A job scheduler is the part of a system responsible for deciding when work runs. Rather than have a person sit and launch a program at the right moment, the scheduler holds a description of the work and the timing, and starts it on its own. The three common timing models are: run once at a fixed future time, run repeatedly on a calendar pattern, and run when a queue is ready and the machine has capacity to spare. Unix supplied a small, sharp tool for each.
The repeating case belongs to cron. Its daemon, described in cron(8) as one that “examines all stored crontabs and checks each job to see if it needs to be run in the current minute,” wakes up each minute and fires any command whose calendar pattern matches the current time. This covers everything that should happen on a schedule: nightly backups, hourly cache clears, weekly reports. The five-field crontab line is the canonical way to express “this command, on this recurring pattern.”
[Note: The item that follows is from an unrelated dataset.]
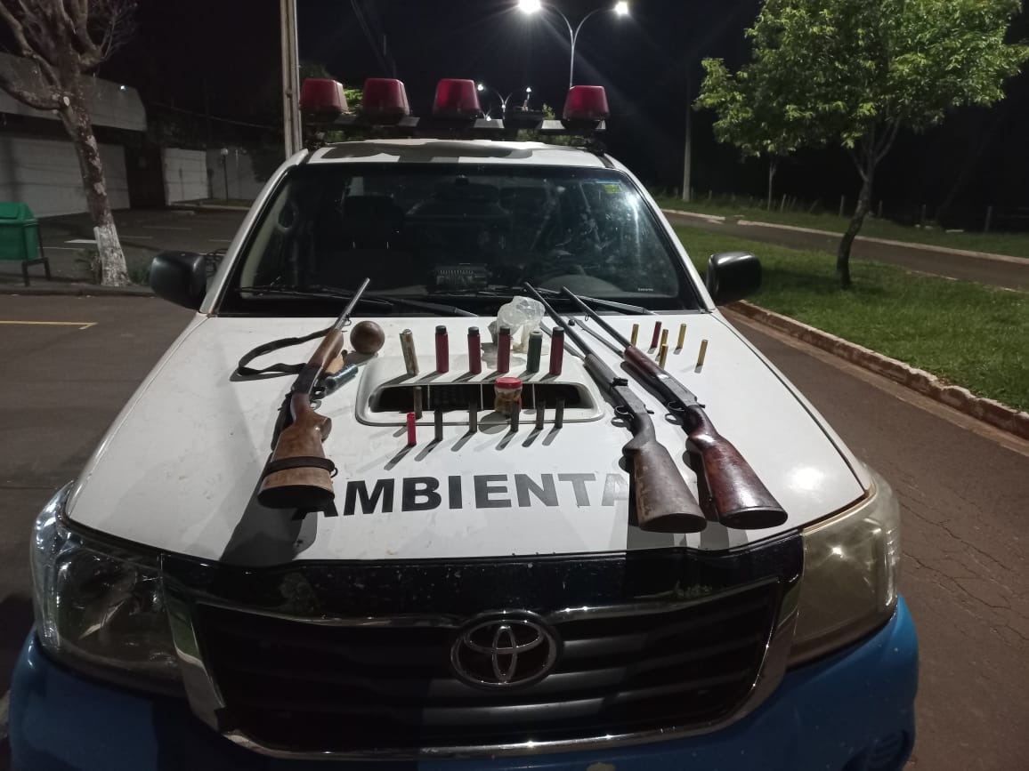 Campo Grande (MS) – Três caçadores, o pai e dois filhos, de 63, 44 e 39 anos, foram presos por Policiais Militares Ambientais do Grupamento do Parques Estadual das Várzeas do Rio Ivinhema, que trabalham na operação Semana Santa, ontem (16) às 19h00,

The run-once case belongs to at. The at(1p) manual page describes a utility that “shall read commands from standard input and group them together as an at-job, to be executed at a later time.” Where cron repeats forever, at fires a job exactly once, at a moment you name, and then forgets it. Its sibling batch handles the third model: rather than tying work to the clock, it queues jobs and runs them when the system load is low enough, so heavy work waits for a quiet machine. The POSIX page notes that batch uses a distinct queue from the default at queue.
These models long predate Unix. On the mainframes of the 1950s and 1960s, “the job” was the unit of computing: a deck of cards or a tape submitted to an operator, queued, and run in turn, often overnight, with the term batch processing describing exactly the queue-and-run pattern. The operating system’s job scheduler decided which job got the machine next. Unix’s cron, at, and batch carried that idea onto interactive, multi-user systems, where most of the time there was a logged-in user but the routine work still needed to happen on its own.
At larger scale the same concept reappears as dedicated enterprise scheduling systems and, later, workflow and orchestration engines that manage thousands of interdependent jobs across many machines, with retries, dependencies, calendars, and monitoring. The vocabulary grows, but the core question is the one cron answered for a single Unix box: given a description of work and a description of when, make it run, reliably, without a human in the loop.
Understood broadly, the job scheduler is one of the quiet foundations of automation. Whenever a system does something “automatically” on a timetable or a queue rather than in response to a direct command, some scheduler, from a one-line crontab entry to a distributed workflow engine, is the thing deciding that now is the time.